In particular, Meralco asked the Regional Trial Court (RTC) Branch 157 in Pasay City to issue a temporary restraining order (TRO), and subsequently, a writ of preliminary injunction enjoining the DOE from enforcing DOE Circular DC2015-06-0010; and Article I, Sections 2 and 3 of ERC Resolution  05; Resolution 10; and Resolution 11, all Series of 2016; and after due hearing, render judgment declaring as null and void the said rules issued by the two government agencies.

In particular, the DOE circular and the ERC resolutions prohibit DUs’ local retail electricity suppliers (RESs) from participating in the Retail Competition and Open Access (RCOA) as suppliers of electricity. While they allow DU-affiliate RESs from participating in the RCOA, ERC Resolution 11 “unduly imposed a 30-percent market cap whereby all RESs shall not be allowed to supply more than 30 percent of the total average monthly peak demand in the retail market.”

The same resolution also prohibits RESs from supplying more than 50 percent of the capacity requirements of their affiliate contestable customers (CC).

The DOE circular and ERC Resolution 10 also provide for mandatory contestability and excludes local RESs in their scope. The latter issuance also imposes penalties for CC that fail to enter into RCSs retail supply contracts.

Under the RCOA, customers with monthly average peak demand of at least 1 megawatt, dubbed as CC by the ERC, are now able to choose the supplier of their energy requirement.

These suppliers, commonly known as RES, will directly negotiate and contract on a wholesale level with power-generation companies, so they can sell electricity to CC at competitive rates. These rates will be reflected in the generation-charge portion of the bill, which typically comprises at least 50 percent of the monthly electrical bill.

When a CC chooses an RES to supply his needs, this RES will also be in charge of the customer’s monthly billing and collection of payments.

MPower, Meralco’s local RES, accounts for about 50 percent of the market share of the contestable market within its franchise, or 18 percent of the national total.

In its 91-page petition for declaration relief filed before the RTC Branch 157 in Pasig, Meralco said the prohibition and the market cap are invalid because they contravene the provisions of the Electric Power Industry Reform Act (Epira).
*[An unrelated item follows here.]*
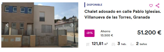 Por 51.200 euros se vende este otro chalet adosado en Villanueva de las Torres (Granada). Se trata de una vivienda unifamiliar con 121,81 m² de superficie total construida, repartidos en dos plantas. Se distribuye en planta sótano con garaje y un trastero; planta baja, con salón, cocina, un aseo y el patio; y en la planta alta tres dormitorios.

“To begin with, there is no provision under the Epira regarding the prohibition of DUs to participate in the supply business,” Meralco said, adding “Nowhere in the law or IRR [implementing rules and regulations] does it provide the ERC can effectively place a market cap on any industry player, much less bar a local RES from fully participating in the market to prevent anti-competitive behavior.”

In fact, the prohibition against DU’s local RES embodied in the DOE circular and the ERC resolutions is contrary to the express provision of Section 29 of the Epira, which expressly recognizes the DUs’ right to supply electricity to the contestable market,” Meralco said.

Moreover, Section 1, Rule 8 of Epira’s IRR also does not prohibit the DUs to engage in the business of supplying electricity.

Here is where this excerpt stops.